For starters, the Jays became only the third team in MLB history to come back after losing the first two games at home to win a best-of-five series.
The Jays came back in Game 5 on Wednesday at Rogers Centre in a 53-minute seventh inning from a controversial 3–2 deficit—courtesy of the correct interpretation of an obscure rule—to take a 6–3 lead off Jose Bautista’s three-run homer.
“I’ve seen Jose do that all year,” manager John Gibbons told Fox Sports after the game. “He has the knack of doing something big at the right time.”
Bautista called it “the most emotionally charged game I’ve ever played,” in an on-field interview with Fox Sports after the game.
“Words can’t describe the feelings that are inside me right now,” said Russell Martin, whose controversial error in the seventh gave Texas the lead.

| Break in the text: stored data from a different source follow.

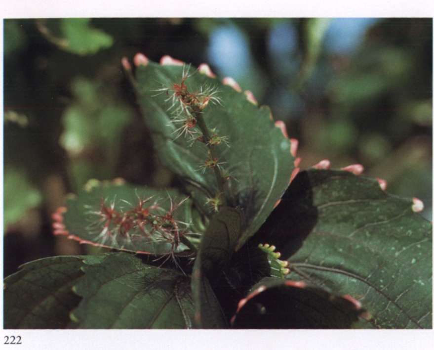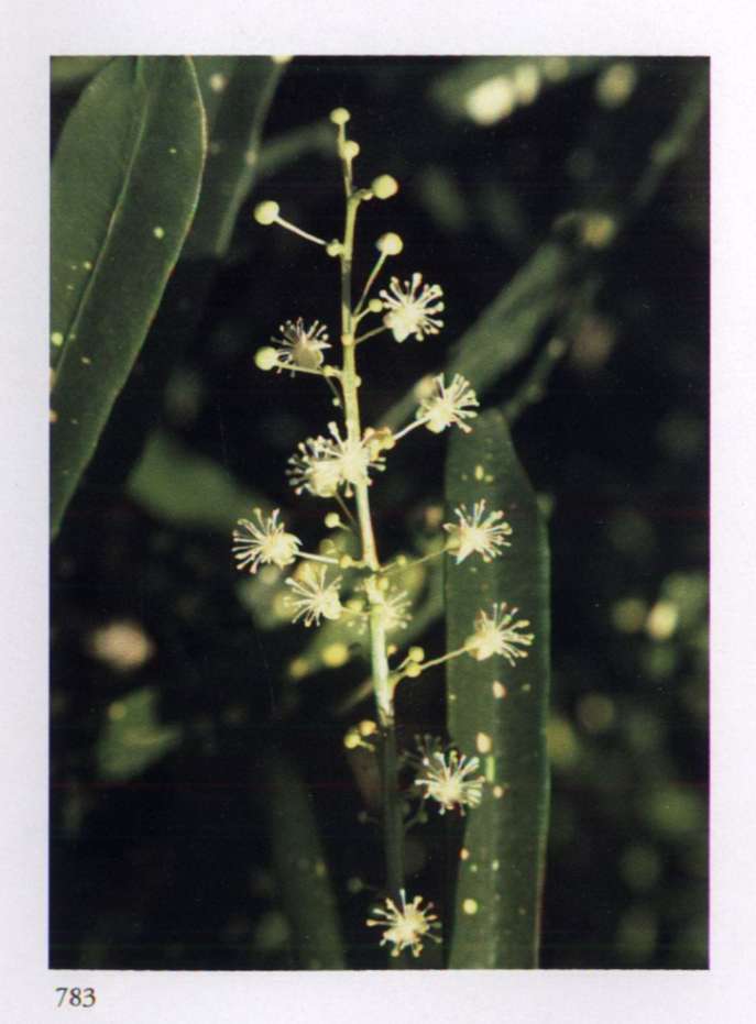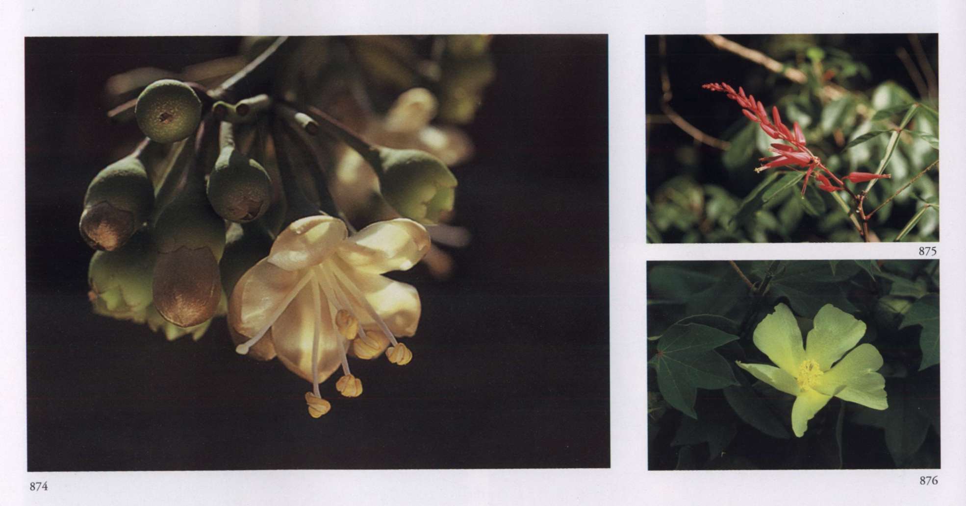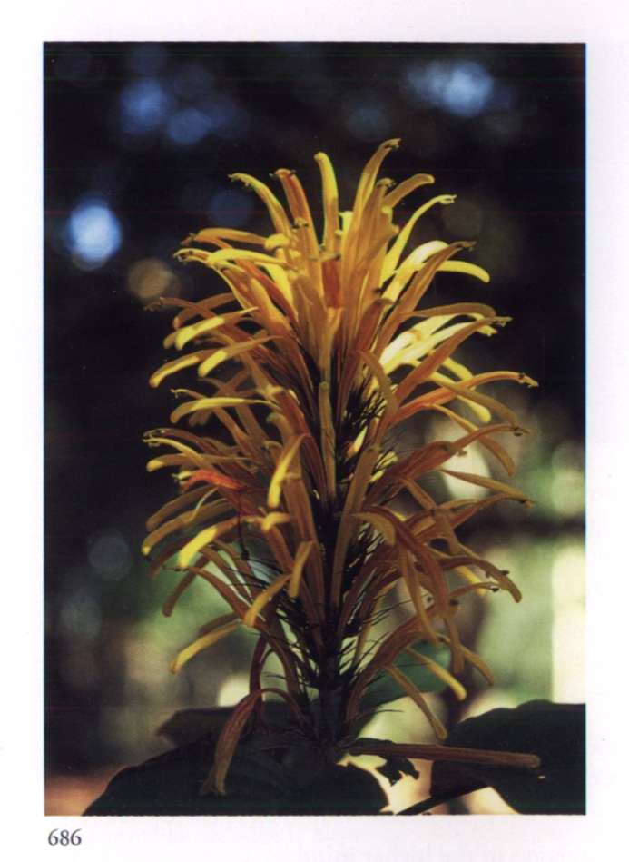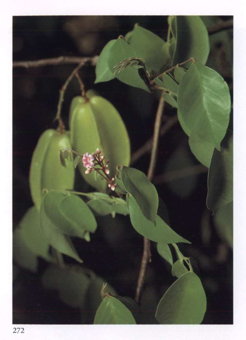 875 Splendour and opulence in material life Can become widespread only through transformation. Quassia amara L. Simaroubaceae Bitterwood Medium-sized glowing scarlet tubular flower with yellow anthers that protrude beyond the petals; borne in racemes. A shrub or small tree with uniquely shaped leaves; new leaves are glossy copper red.
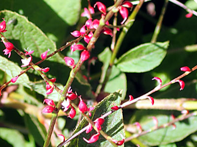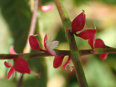 花被(がく)は深く4裂、上半分は赤く、下半分は白く、紅白の対照からミズヒキの名がある。 花が終わると花被を閉じて果実をまもり、2本の花柱も残る。 |
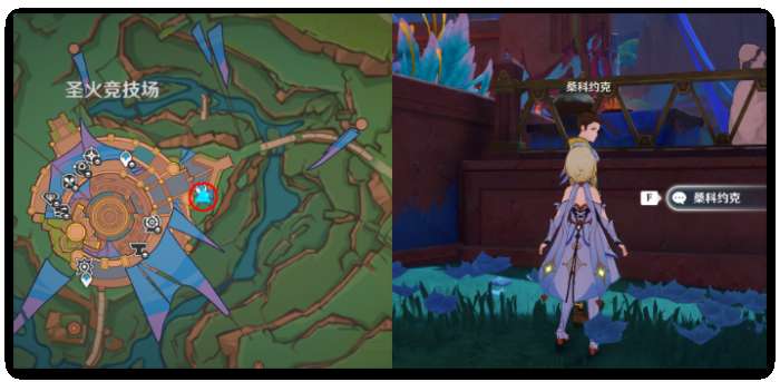 我们需要先去做纳塔世界任务「合成台疑案」后需要在里面的时间是夜间的时候,然后去纳塔圣火竞技场东北方的传送锚点下方可以找到这个桑科约克交流以后就可以获取了。

The Jays have given Canadian sports fans a team to unite around, and for both team and fans, battling adversity drew them together even more, enabling them to achieve bigger things or realize greater joy.
Digging a Hole
After losing the first two games, the Jays admitted a better team had beaten them. That they ended the regular season losing four out of five games—for the first time since early July—probably didn’t help either.
“They outplayed us both games,” said Gibbons on Friday, Oct. 9. “They outlasted us,” he said referring to the tough 14-inning loss in Game 2. The longer a game goes, the more painful it is to lose and Game 2 was the longest playoff game in franchise history.
What could have gone wrong for the Jays was going wrong. Pitching ace David Price was impeccable since joining Toronto (9–1 record), but he took the loss in Game 1, after 10 days rest.